Slurm supports a variety of job submission techniques. Slurm will match appropriate compute resource based on user resource criteria, such as, CPUs, GPUs and memory.
As a quick rule of thumb, it’s important to keep in mind that the more resources your job requests (CPUs, GPUs, memory, nodes, and time), the longer it may have to wait in queue before it could start.
In other words, accurately requesting resources to match your job’s needs will minimize your wait times.
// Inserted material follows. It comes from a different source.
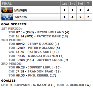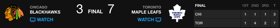- Maple Leafs cruise past Blackhawks 7-3 (nbcsports.com)

Verify you are logged into nero.compute.stanford.edu
Review steps for logging into nero.compute.stanford.edu
Components of a Slurm Job
- A job consists in two parts: resource requests and job steps.
-
Resource requests describe the amount of computing resource (CPUs, GPUs, memory, expected run time, etc.) that the job will need to successfully run.
-
Job steps describe tasks that must be executed.
Slurm Interactive Session
Interactive session on a compute node is to use srun to execute a shell through the scheduler. For instance, to start a bash session on a compute node, with the default resource requirements (one core for 2 hours), you can run:
$ srun --pty bash
You can then see you session via
cdoane@nero-login-1:~$ squeue -u cdoane
JOBID PARTITION NAME USER ST TIME NODES NODELIST(REASON)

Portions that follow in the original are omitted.